=== Your task ===
What follows is a listing to transcribe exactly, leaving the pictures out.

:: Information shown

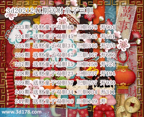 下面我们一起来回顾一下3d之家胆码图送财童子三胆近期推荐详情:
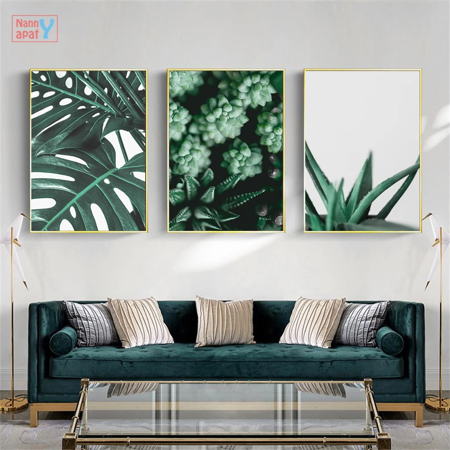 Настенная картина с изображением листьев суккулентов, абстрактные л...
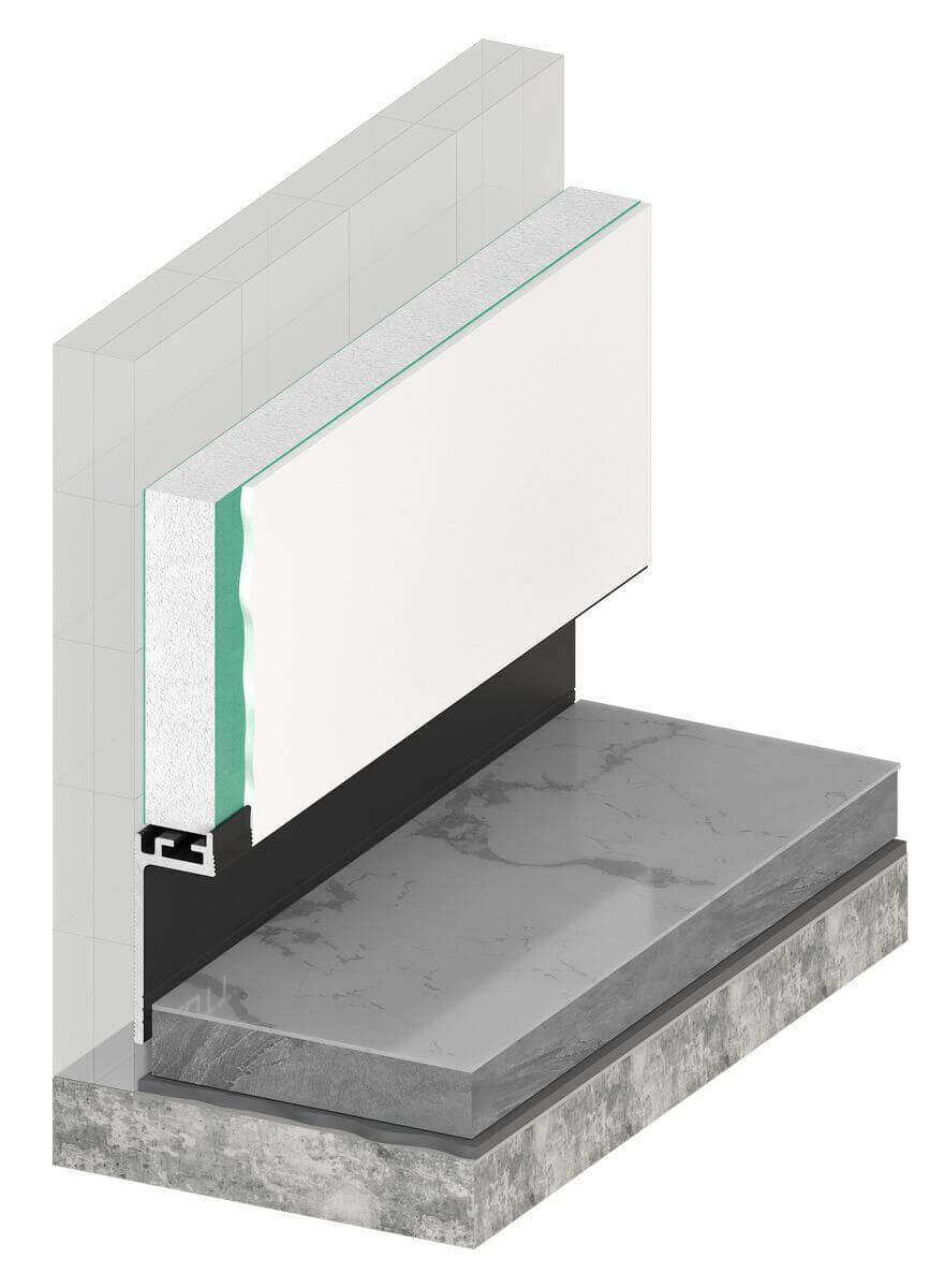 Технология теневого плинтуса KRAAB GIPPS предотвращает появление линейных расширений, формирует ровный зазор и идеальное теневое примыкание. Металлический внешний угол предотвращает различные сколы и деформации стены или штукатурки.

::::

=== Solved exercise ===
 下面我们一起来回顾一下3d之家胆码图送财童子三胆近期推荐详情:
 Настенная картина с изображением листьев суккулентов, абстрактные л...
 Технология теневого плинтуса KRAAB GIPPS предотвращает появление линейных расширений, формирует ровный зазор и идеальное теневое примыкание. Металлический внешний угол предотвращает различные сколы и деформации стены или штукатурки.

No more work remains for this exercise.